Le 30 septembre 1941, les blindés allemands reçoivent enfin l’ordre d’attaquer Moscou. Huit jours plus tard, soit le 8 octobre 1941, Orel et Toula furent prises. Le 13 du même mois, 600 000 hommes tombaient à Viazna. Tandis que les Russes mouraient, le Gouvernement soviétique quittait la capitale…
Mais l’hiver est rude dans ces contrées. La poussière, la boue et le gel eurent raison des blindés allemands les empêchant d’utiliser les routes.

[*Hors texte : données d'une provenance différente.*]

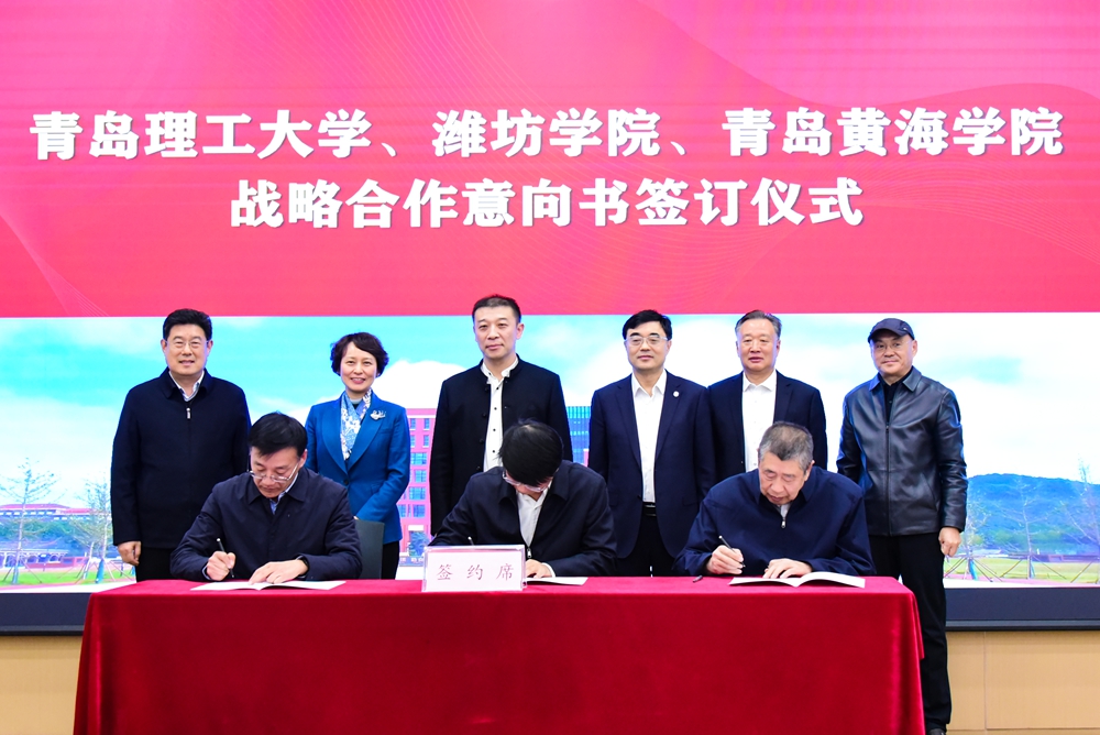徐梅表示,青島理工大學辦學歷史悠久,人文底蘊深厚,是國家首批地方高校“111計劃”建設單位、全國首批深化創新創業教育改革示范高校、山東省首批高水平大學“強特色”建設高校。青島黃海學院師資力量雄厚,學科門類齊全,是山東省應用型本科高校建設支持單位、山東省智慧教育示范校創建單位。她指出,本次戰略合作意向書的簽訂是三校推進同頻共振、合作共贏的務實之舉,也必將在今后的合作中形成更強大的合力。下一步,三方將在學術交流、教師互派交流和學生跨校學習實踐等方面加深合作,力爭打造一批具有示范效應的合作項目,共同為山東高等教育高質量發展增光添彩、賦能加力,為教育強國強省建設作出新的更大貢獻。

Le 5 décembre, profitant de l’aubaine météorologique, les Soviétiques contre-attaquèrent, repoussant les Allemands à 250 km de Moscou. Le lendemain, une contre-offensive fut lancée sur plus de 1000 km par les Soviétiques. Le 30 décembre, Kalouga était libérée, après avoir été envahie le 21 octobre. Dès le début de l’année 1942, le 18 janvier précisément, les Russes revenaient à Mojaisk, sur la ligne de défense. Leur fulgurante progression avait été de 300 km au nord, et presque d’autant au sud. Les allemands se replièrent sur Viazna et sur Rjev à 150 km de Moscou. La capitale soviétique était dégagée.
La blancheur immaculée de la neige était souillée du sang des 680 000 Soviétiques et des 340 000 Allemands qui s’étaient affrontés en ce qui fut appelée plus tard « La Bataille de Moscou ».